# Which text browser support script-based verification page?

## XQZS

which text browser support javascript-based verification page?

Before browse to web pages on Internet outside, I have to input my netword ID and password on a javascript-based verification page.

firefox, chrome, IE, and other GUI browsers are ok of course.

But links, lynx, elinks, w3m and other text browsers can not work. When I link to this verification web page, these browers cannot show the input blank boxes for inputting ID and password. I guess the verification page just use javascript, and this script cannot run on text browsers, but I also know elinks or lynx support javascript--there is a "javascript" USE flag when emerging them. Thus I do not know how to do.

In my opinion, the verification page must have some scripts to be run when being opened. But these scripts cannot be run in text browsers envirement, so the blank input boxes cannot show on the browers after that.
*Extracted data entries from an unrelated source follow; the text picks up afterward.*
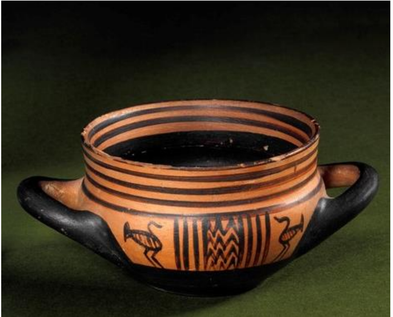
Fig. 3 Vase with two handles and open mouth. From Athens, 'pre-Homeric'. inv. no. C41761.

One thinks of an oddity in Geometric art: miniature jugs placed on top of full-size ones, as an extra mouth. An Oslo collection, the Museum of Applied Art, has a good example. The context is dated variously in the publication, but could constitute an early Geometric tomb-group. 9 Mrs A. D. Ure pointed out the resemblance in vase-paintings from Eretria in Euboea, and she was probably right. Eretria exported her wares widely, to Olbia in the North and Sicily in the West, and there are many finds from Euboea itself and from Boeotia. Her atticizing pots may have sold less well in Attica, except possibly in outlying communities near to the place of manufacture. The 'Athenian' lekythos with two sirens has features that are rare on comparable Attic vases: minimal use of incision, here for eyes and mouth only, and long curving bands of white alternating with purple (Fig. 5, C41797). 10
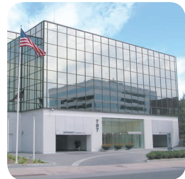
707 SUMMER STREET STAMFORD, CT – 74,000 SQ. FT.
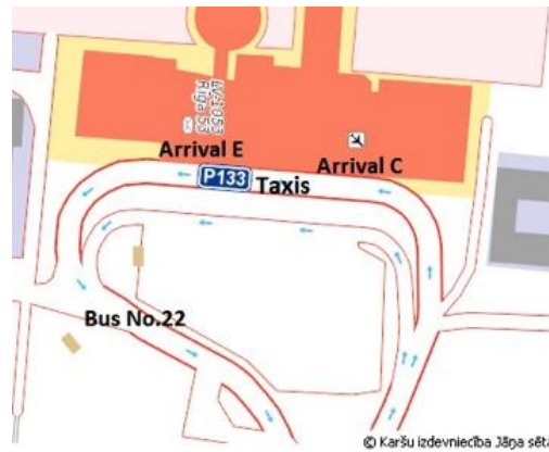
Bus and taxi stops at the airport
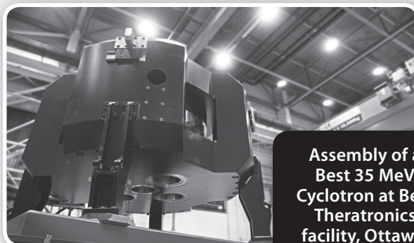
Assembly of a Best 35 MeV Cyclotron at Best Theratronics facility, Ottawa, Ontario, CA
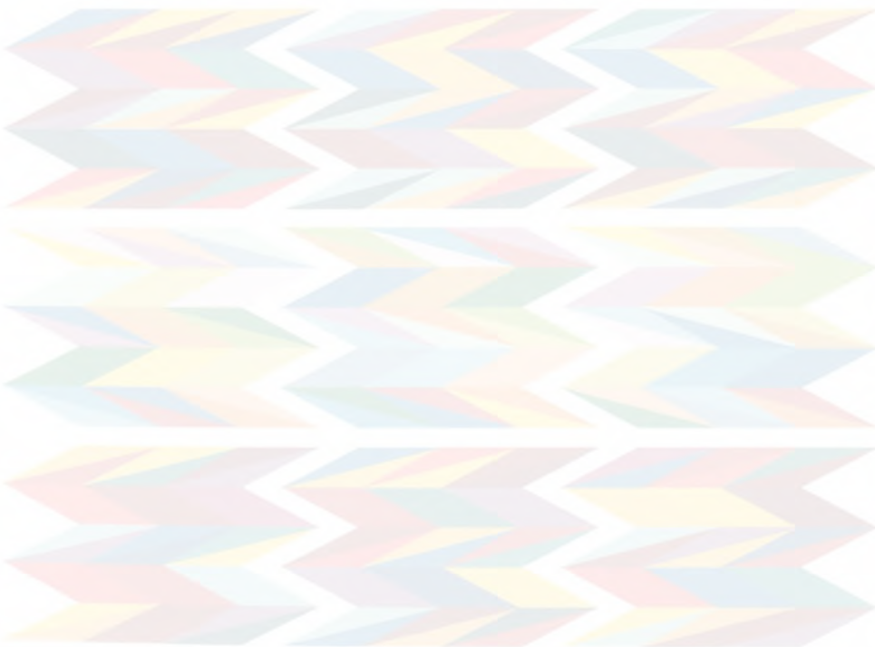
Odili Donald Odita, Constellation , 2018. Design proposal for mural

The word "region" is related to "reign." It refers to territory but also to authority. Region is not a benign term. Embedded in a region are questions about who and what should be here. What is appropriate by virtue of its nativeness? Who speaks for this place, and by what moral authority? Regions come with boundaries and barriers. Politics and infrastructure sometimes align with geological terrain. In my own field—landscape architecture—there is a lamentation that we don't often organize ourselves politically along geologic lines.
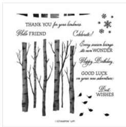
Welcoming Woods Photopolymer Stamp Set - 156550
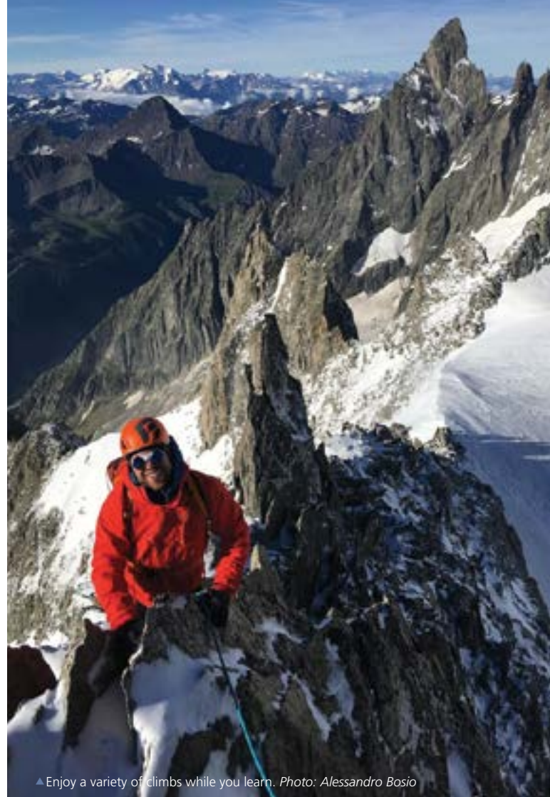
▲ Enjoy a variety of climbs while you learn.
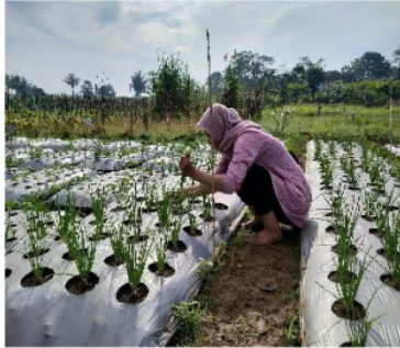
Figure 2. Height measurement of sample

laboratory testing, organic chicken fertilizer has a more significant nitrogen concentration than duck and quail organic fertilizer. This amount causes the plant to replicate cells more quickly, allowing it to grow taller. Nitrogen is a fundamental macro element that is a critical component of various chemicals found in plants. The effect of N in increasing the pace of plant growth is linked to the increased development of shallots. According to Napitupulu and Winarto [17], N fertilizer application significantly impacts plant height increase. Plants require elements of N, P, and K, according to Puspawati et al. [18], notably in encouraging plant height growth. When the onion plants were 42 DAP, the treatment of organic chicken fertilizer was significantly different from the other treatments (Figure 2).
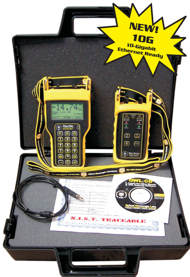
Connector styles or placement may vary from photo

Also supports 2 user-definable standards
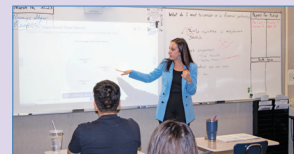
Junior Achievement / Personal Finance Albert Powell High School Yuba City
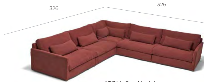
ATOLL 5pc Modular :asa cinnamon fabric
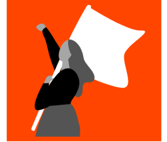
GENDER EQUITY & EMPOWERMENT

Providing tools and skill based learning for women & girls to inspire empowerment, self- advocacy, leadership development and personal authenticity.
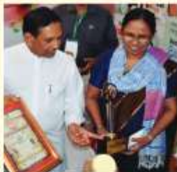
Sri Lankan Minister & Kerala Health Minister
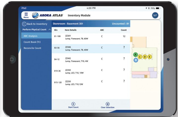
▲ ATLAS Supply Analysis Capability
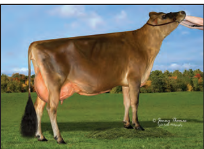
BILLINGS MINISTER BREIGH Sister to the Grandam of Lot 20

BORN 11/05/2013 PO FEMALE EFI 4.9% AMERICAN ID 128 / 128
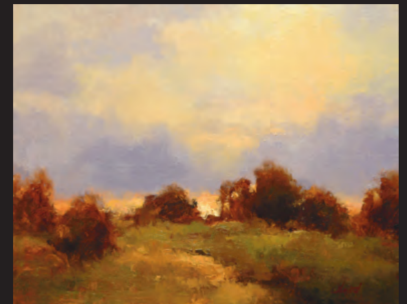
Approaching Evening Oil 11 x 14

Don continues the pursuit of hard work, commitment, and the magic that comes from capturing a fleeting moment in nature.

How to make the text browers show this script-based verification page correctly?Last edited by XQZS on Sun May 18, 2014 5:17 am; edited 1 time in total

----------

## 1clue

I don't know about text-based browsers with javascript support, but you should change "java" in your subject to "javascript" to ovoid being misleading.  This is apples and oranges, and some people who know about the javascript part won't even read your thread if you say java.

----------

## XQZS

 *1clue wrote:*   

> I don't know about text-based browsers with javascript support, but you should change "java" in your subject to "javascript" to ovoid being misleading.  This is apples and oranges, and some people who know about the javascript part won't even read your thread if you say java.

 

Thank you. In fact, I do not know whether it is javascript, but it must be scripts.

----------

## 1clue

It must be javascript.

I'm pretty familiar with the server side of this.  The thing I don't know about here is the text-based browsers.
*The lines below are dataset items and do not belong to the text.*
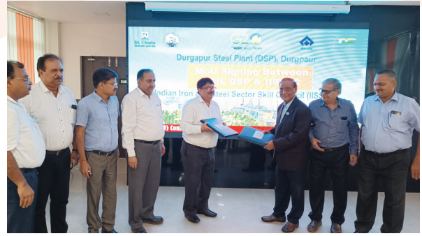
MOU Signing at Durgapur Steel Plant (DSP)
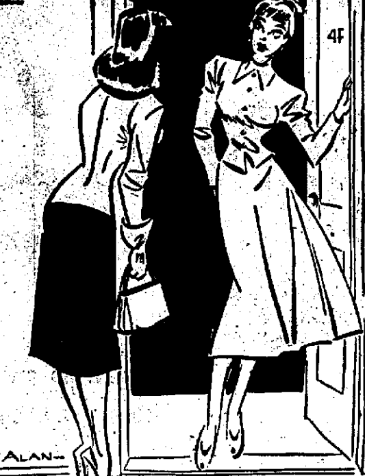
"I'm your new neighbor, so I stopped in to see what you have, that I don't have, and might want to borrow some day."

A. The first heavyweight championship fight televised was the Louis-Cornett fight, which took place on June 19, 1946.
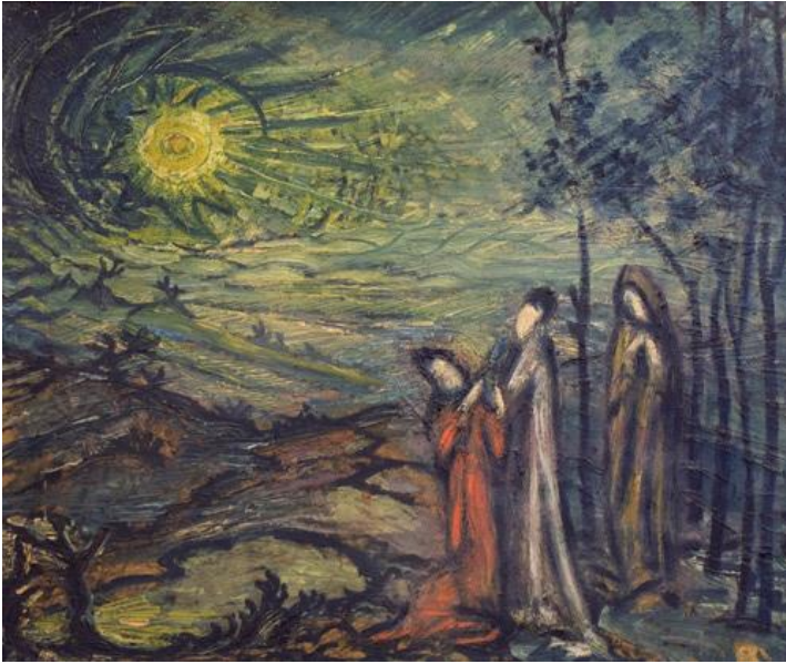
Star of Bethlehem by Waldemar Flaig

The Epiphany of Our Lord The Baptism of Our Lord King of the Jews...and Gentiles, Too January 8, A+D 2023
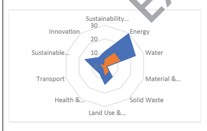
Figure 3 Building Planning and Design Standard Criteria and Achievement
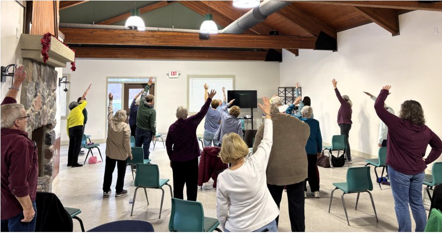
Exercise class, Monday, Wednesday, and Thursday @ 10:30am!
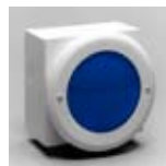
L150G/PA-BLU 5-3/8" dia.

Detailed product sheets with photometric data are available for the Steplites illustrated in this overview. www.colelighting.com
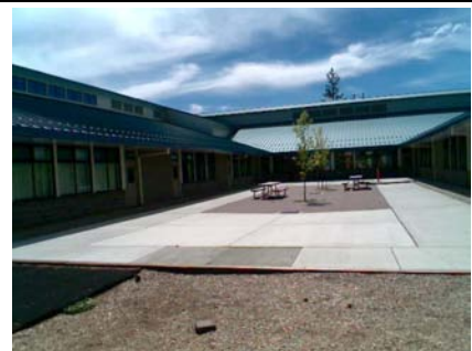
N Vertical Irregularity Primary
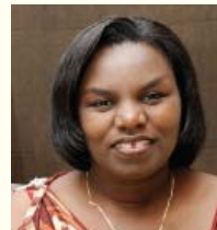
Hon. TUGIRAYEZU Venantie MINIPRESIREP

http://links.twibright.com/user_en.html#ap-javascript

This shows that links HAD javascript support at one point but it's now disabled because of problems.  So this topic might be a minefield for your case.

I can't imagine a browser being very useful these days without javascript support.  Just about every general-purpose site has it, and it's an integral part of html5 spec, although the implementation of the engine can vary.

----------

## Hu

 *1clue wrote:*   

> I can't imagine a browser being very useful these days without javascript support.  Just about every general-purpose site has it, and it's an integral part of html5 spec, although the implementation of the engine can vary.
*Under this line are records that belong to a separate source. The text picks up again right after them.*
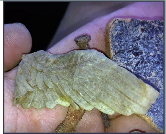
Artifacts recovered during metal detection by Dutch Henderson: brass wing fragment, cut nail, and blue glazed ceramic. They could be dated from as early as the 1820s

Dutch's next plan is to look at the spot on the map that is actually marked with an asterisk as "Beards." I now suspect that this is not a blockhouse, but supposed to be Beard's house—as it is situated along the creek and not on the bluff above. It is now fairly clear that the insignia probably was lost by one of the guards from the prison. Bonner's article also mentions the prisoners working in a vegetable garden outside the prison's walls, which could have been where the cow pasture now is now located. A question does remain about the insignia, however. According to Bonner, the guards wore State Militia uniforms, but the insignia has only been identified as belonging to the Legion of the United States, the Federal Army. Furthermore, it is not clear why the guards' uniforms would have included a cap with an infantry insignia! ■ JJD
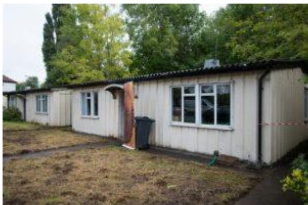
Wake Green Road Prefabs

The Grade II listed Phoenix prefab bungalows in Wake Green Road were designed and manufactured by John Laing, McAlpine and Henry Boot, as part of a consignment of 2,428 prefabs supplied to the Ministry of Works under the Temporary Housing Programme. These temporary homes were only expected to be in use for ten years but 70 years on they are still in use. There are no other known surviving Phoenix prefabs still lived in which makes these extra special.
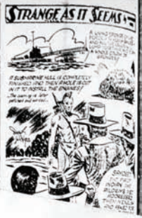
STRANGE AS IT SEEMS

It is a source of wonder to the Malay people that the Chinese and the Indian have been able to establish a community of interest in Malaya. It is a source of wonder to the Malay people that the Chinese and the Indian have been able to establish a community of interest in Malaya.
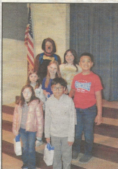
Speuter the PRC mascot with the Star Artist Award winners
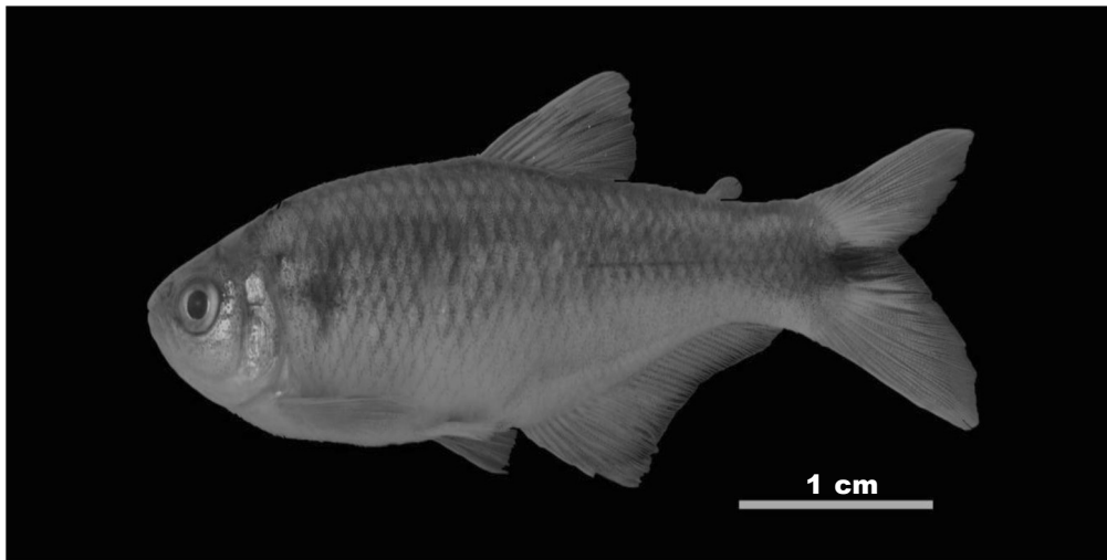
Fig. 1. Bryconamericus caldasi n. sp., holotype, male, IUQ 3714, 63.7 mm SL, San José County, La Libertad Creek, 200 m from La Libertad school on the San José, Arauca Road, Caldas, Colombia.

Fig. 1. Bryconamericus caldasi sp. n., holotipo, macho, IUQ 3714, 63,7 mm de longitud estándar, condado de San José, riachuelo La Libertad, a 200 m de la escuela La Libertad, situada en la carretera de San José a Arauca, en Caldas, Colombia.
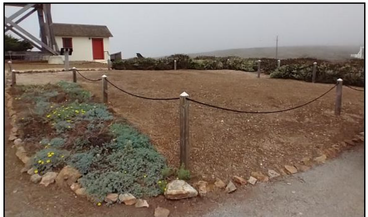
The site of the head keeper's cottage today.
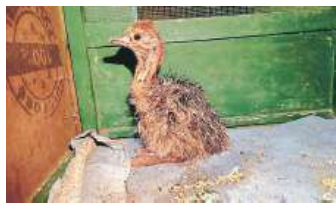
One of the ostrich chicks at the zoo, Rajkot Municipal Corporation

 You'd be surprised how many well-designed sites work fine with Javascript zapped by NoScript.  Conversely, as you say, many poorly designed sites misuse Javascript to do something that is more easily done through other means, and therefore break when Javascript is restricted to run only on trusted sites.  The OP's problem sounds like a case of the latter.  Soliciting credentials is trivially done through plain HTML or even simple HTTP.  Validating the credentials must be done server-side to maintain integrity.  Based on the OP's description, I see nothing in what it does that would justify it using Javascript.  However, many would-be web developers think Javascript is the answer to everything, so I would also not be surprised if the OP is correct that the authentication page is designed to require Javascript.

----------

## 1clue

I can't really think of any reason why you would need javascript for a login screen either, but javascript does solve a lot of problems with web-based applications, and is indispensable for some of them.

For example, if you have an app like a web-based spreadsheet or word processor, there's just no way to do some things without some sort of client-side code which strict html does not handle.  The only reasonable solution is to use a script language, and frankly the only thing even close to robust enough is Javascript.

Here's a project for you:  Find a page on the Gentoo forum which has no javascript.  Including the login screen!  Better yet, click the 'reply' button and look at the page source.  This editor we're typing in has lots of javascript, and frankly needs it.  A WYSIWYG editor is even more javascript intensive.

For those of you who have learned to hate Javascript from years back, the advent of HTML5 has seen a lot of changes in Javascript to make it consistent and logical.  Better yet, it's now very consistent across browsers and operating systems.  In terms of putting Linux on an equal footing with Windows and Mac, this is awesome.

On the other hand, an exploit in Javascript will hit all operating systems and all browsers with equal ferocity.  Security is needed, and dynamic attention to the current requirements by the folks who make the web pages and the tools that make them is critical.

----------